In most cases, an alias template is transparent; when it's used in a template we can just substitute in the dependent template arguments. But this doesn't work if the template-id uses a pack expansion for non-variadic parameters. For example:
template<class T, class U, class V>
struct S {};
template<class T, class V>
using A = S<T, int, V>;
template<class... Ts>
void foo(A<Ts...>);
There is no way to express A<Ts...> in terms of S, so we need to hold onto the A until we have the Ts to substitute in, and therefore it needs to be handled in mangling.
Currently, EDG and Clang reject this testcase, complaining about too few template arguments for A. G++ did as well, but I thought that was a bug. However, on the ABI list John Spicer argued that it should be rejected.
(See also issue 1558.)
Notes from the October, 2012 meeting:
The consensus of CWG was that this usage should be prohibited, disallowing use of an alias template when a dependent argument can't simply be substituted directly into the type-id.
Additional note, April, 2013:
For another example, consider:
template<class... x> class list{};
template<class a, class... b> using tail=list<b...>;
template <class...T> void f(tail<T...>);
int main() {
f<int,int>({});
}
There is implementation variance in the handling of this example.
CWG 2022-11-11
There is no more implementation divergence; all known implementations reject the example.
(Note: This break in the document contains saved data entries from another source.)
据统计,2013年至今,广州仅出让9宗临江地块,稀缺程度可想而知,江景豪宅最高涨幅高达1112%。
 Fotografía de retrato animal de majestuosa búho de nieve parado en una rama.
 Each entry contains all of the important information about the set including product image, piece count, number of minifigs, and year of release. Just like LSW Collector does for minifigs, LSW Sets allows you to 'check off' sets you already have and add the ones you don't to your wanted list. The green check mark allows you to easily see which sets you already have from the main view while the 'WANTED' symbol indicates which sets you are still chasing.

Additional notes (January, 2025)
Using pack-index-specifiers allows to express some such substitutions, but not others. In the below example, we cannot express X. And while we can express Y, we cannot deduce through the replacement.
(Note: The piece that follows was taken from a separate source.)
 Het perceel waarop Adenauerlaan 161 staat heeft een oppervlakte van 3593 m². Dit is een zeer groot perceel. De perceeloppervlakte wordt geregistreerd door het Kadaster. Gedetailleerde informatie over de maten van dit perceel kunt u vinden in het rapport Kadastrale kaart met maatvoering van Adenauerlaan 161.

template<typename A, typename...T> using X = std::tuple<T...>; template<typename A, typename...T> using Y = A; template<typename ...U> void f(X<U...> x, Y<U...> y);
Additional notes (March, 2025)
There is still implementation divergence for the following example:
template <template <typename...> class T> struct Template {
template <typename... Us> using type = T<Us...>;
};
template <class T> struct X { static constexpr T value = T(); };
template <class T> using alias = X<T>;
int main() { return Template<alias>::type<int>::value; }
GCC and EDG accept, clang rejects.
Also consider:
template <template <int...> class T> struct Template {
template <int... Us> using type = T<Us...>;
};
template <T1 N> struct X { static constexpr int value = 0; };
template <T2 N> using alias = X<N>;
If T1 = T2 = int, GCC and EDG accept and MSVC and Clang reject. If T1 = int and T2 = short, GCC accepts and everyone else rejects. If T1 = short and T2 = int, EDG accepts and everyone else rejects. See also issues 1979 and 1286; the alias template above would be considered "simple" only if T1 = T2.